さまよい歩いた挙げ句、痛恨の勘違いをして「大甚中店」という少し離れたとこにある系列店なのか支店なのか実は無関係なのかは知らないが、全く違う雰囲気のお店に入ってしまって、まあしかし入ってしまった以上は、なんだか聞いてたのと違うなぁと思いつつも、自分の他に誰も客のいない薄暗い店内で寂しく呑んだ思い出が。

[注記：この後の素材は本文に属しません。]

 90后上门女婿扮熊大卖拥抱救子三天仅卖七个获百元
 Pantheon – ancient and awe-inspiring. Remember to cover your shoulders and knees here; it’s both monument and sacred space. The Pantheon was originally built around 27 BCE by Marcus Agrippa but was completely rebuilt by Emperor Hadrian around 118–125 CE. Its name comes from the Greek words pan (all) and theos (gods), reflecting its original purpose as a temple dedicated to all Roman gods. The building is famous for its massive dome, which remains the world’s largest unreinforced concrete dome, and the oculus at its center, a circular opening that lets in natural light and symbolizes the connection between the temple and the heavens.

そのややほろ苦い思い出のリターンマッチということで、満を持して時を待たず再訪問してからというもの、愛知で過ごした一年で、何度も何度も、口開けの夕方を目掛けて広小路の行列に並んだ。
鏡下
花の下
酒やらタレやら味噌やらもしかしたら涙やら、きっといろんな何やかんやが長い年月をかけてじわりじわりと吸い込まれたのであろう、色よくすり減った檜の一枚板のテーブルに、賀茂鶴の熱燗のお銚子が届く。これをキュッとやりながら、小皿に盛られた料理をお店の中央から各自テーブルに持ってくるシステム。
時計下
壁にかかった年代物の柱時計を、そして見るともなしに愛知ローカルのテレビ番組を眺めつつ熱燗の賀茂鶴をちびちびと舐めていると、相席の向かいに座った二人組のサラリーマンとおぼしきオジサンたちが話している会話から「富山」という言葉を聞きつけ思わず耳を澄ます。
それだけならまだしも「大宮のいづみやで・・・」とか話し出されたので、これはもうたまらずつい話しかけてしまう。

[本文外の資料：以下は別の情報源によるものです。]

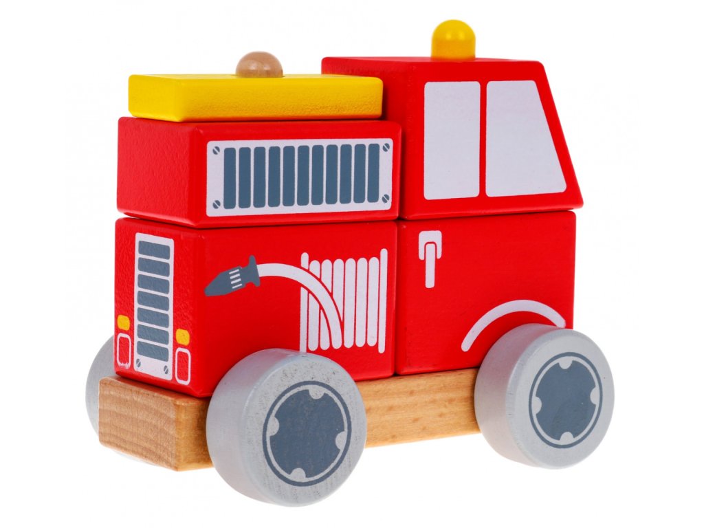Mașina pompierilor din lemn este formată dintr-o bază și patru cuburi. La bază sunt atașate patru roți mobile și două cuie, pe care sunt așezate cuburi de lemn, care, atunci când sunt asamblate, formează o mașină de jucărie mobilă din lemn.
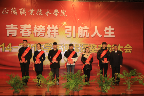 表彰大会在庄严的国歌声中拉开帷幕。随后,党委书记、副院长左彤云宣读了《探花porn 关于表彰2014-2015学年荣誉称号、奖学金获得者暨先进班集体的决定》。院领导分别向获奖学生、先进班集体代表依次颁发了证书和奖匾。
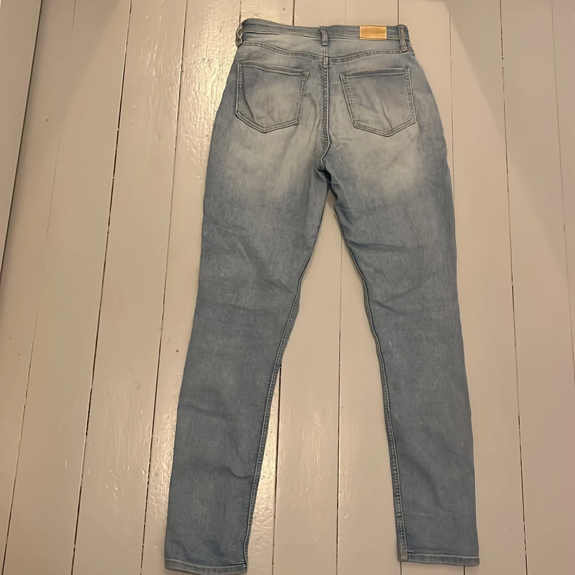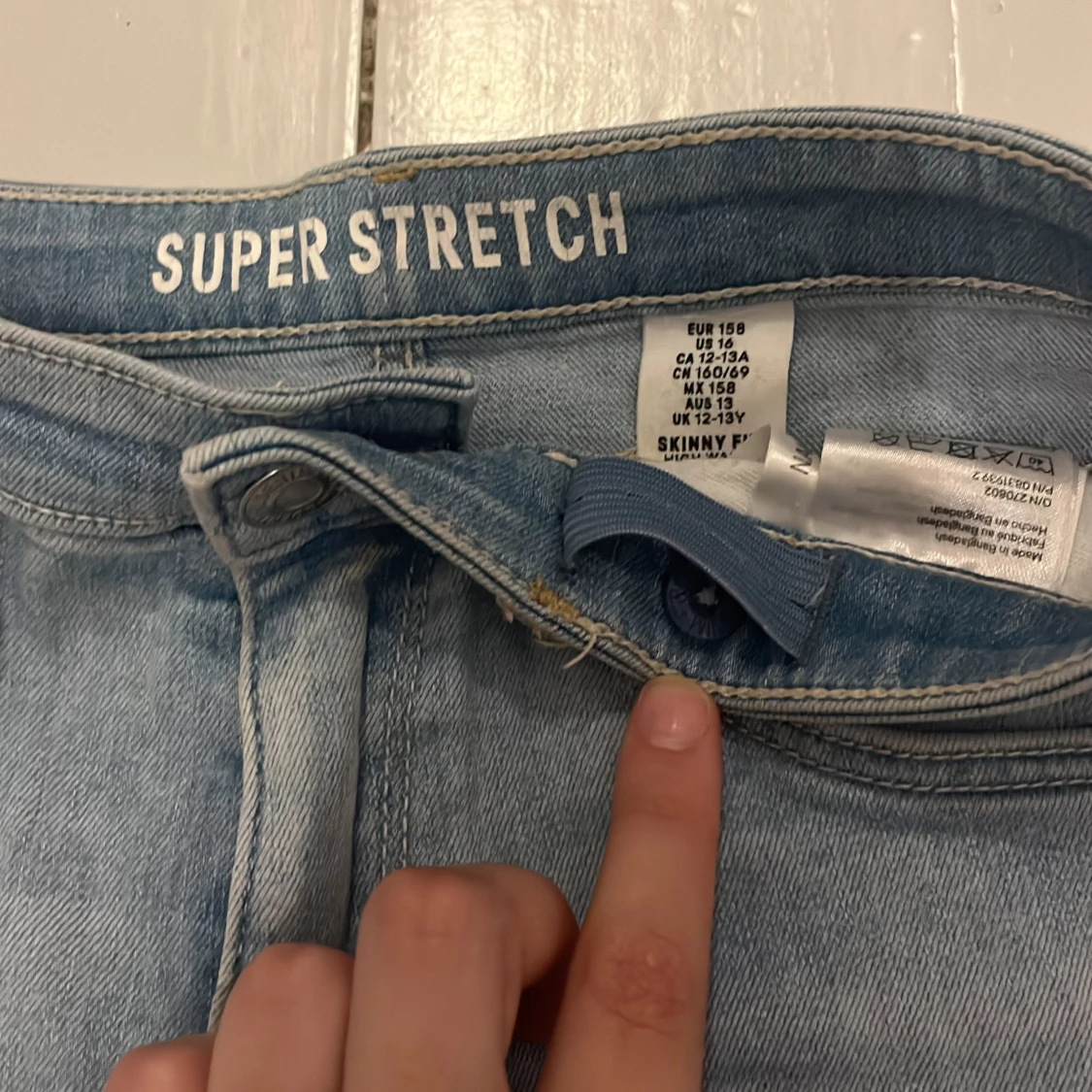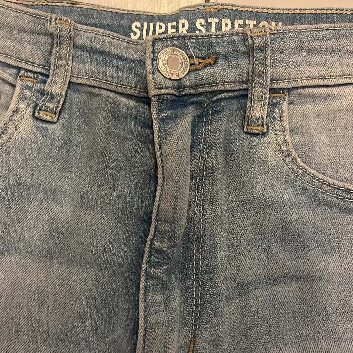 Ljusblå skinny jeans med superstretch, klassisk femficksmodell och justerbar midja. Jeansen har en snygg tvättad look och smal passform hela vägen ner. Perfekta för dig som gillar bekväma och stilrena jeans med lite extra stretch.
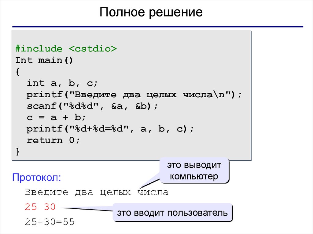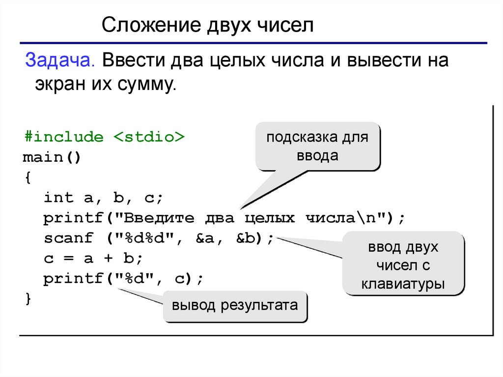 Сложение двух чиселЗадача. Ввести два целых числа и вывести на
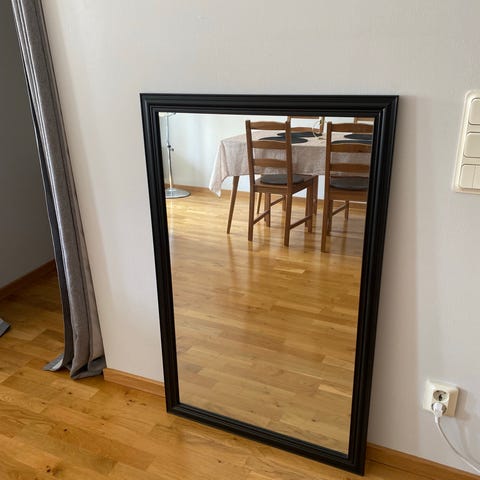Säljer en stilren spegel med svart ram som passar perfekt i hall, sovrum eller vardagsrum.
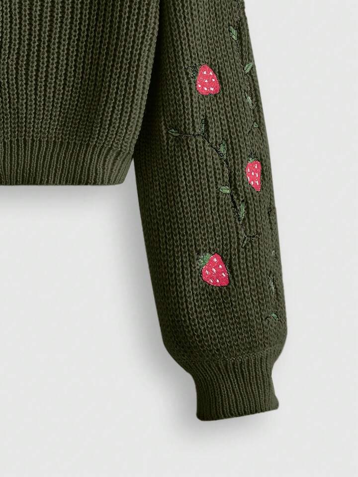 Kawaii كارديجان قصير أحادي الصدر مطرز بالفراولة للنساء ، مناسب للخريف والشتاء
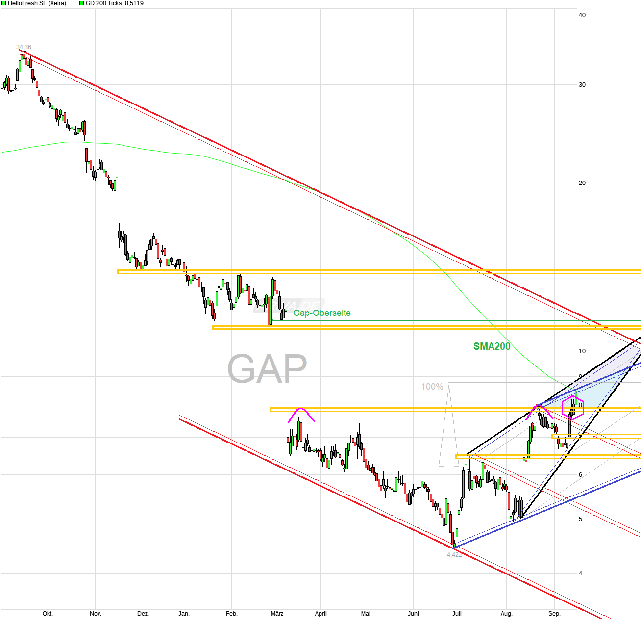 HelloFresh Aktie: Starke Kaufsignale - kommt der große Short-Squeeze? 16.09.2024 www.4investors.de/nachrichten/...?sektion=stock&ID=179069 ".....Die HelloFresh Aktie hat ihren Ausbruch über die wichtigen charttechnischen Hindernisse zwischen 7,40/7,44 Euro und 7,798 Euro am Freitag bestätigen können..... Kommt es zum Ausbruch über 7,80/7,95 Euro, „könnte der Druck einzudecken auf die Shortseller wachsen, die bei HelloFresh enorm aktiv sind. Ein möglicher Pullback fände spätestens an der 200-Tage-Linie eine erste weitere Trendmarke“, hieß es schon im August in den 4investors-Chartchecks zur HelloFresh Aktie... Mittlerweile hat sich dieses Szenario realisiert.... Für die Etablierung eines Aufwärtstrends bei der HelloFresh Aktie gilt es in nächster Zeit vor allem zwei Hürden zu überwinden: Zum einen die noch fallende 200-Tage-Linie, zum anderen das direkt darüber liegende Abwärtsgap aus dem März 2024 .... Gelingt dies, könnte es in Richtung 11-Euro-Marke nach oben gehen. Dass derDruck auf Shortseller, ihre Positionen einzudecken, mit steigenden Kursen wächst, kommt hier hinzu...."

お話を聞くとお二人とも富山出身の方で、全国を飛び回るビジネスマン、今日は明日の商談のために前泊してここ大甚本店に飲みに来たのだという。
階段下
富山の話、大宮の飲み屋の話で大いに盛り上がった。
射水のパキスタン料理店、カシミールをもご存知だったのには驚いた。
アレはね、ほんとマジで異国そのものだったんですよ、当時、私が足繁く通ってた十数年前は。
まだロシアとパキスタンの間で中古車貿易が盛んな頃で、日本人なんか一人も来ないようなエリアの、日本語メニューはおろかスタッフの誰ひとりとしてまともに日本語が話せないようなお店だったのですが、それからブログやそれこそ黎明期のSNSによって富山のみならず全国から物好きが集まってくるような人気店になったんだよなぁ。
懐かしいよなぁ。
テレビ下
転勤族や出張中のサラリーマンが集う人気店だけに、こういう思いがけない出会いがあるから飲み歩きは楽しい。

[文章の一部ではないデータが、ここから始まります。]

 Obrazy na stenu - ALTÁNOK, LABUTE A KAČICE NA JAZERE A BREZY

お会計を頼むと、シャネルの眼鏡のご主人が冗談のような巨大な算盤を持ってきて、卓の上のお皿の数で勘定してくれる。
つまり会計までお皿は下げられないシステムなので、長っ尻だったり大人数で呑んでると卓の上は大変なカオスになってしまうのである。
「これはね、東洋の計算機だよ」
店を出ると伏見の交差点はまだ明るい。
まだまだ呑めそうだ。
名古屋は楽しいなぁ。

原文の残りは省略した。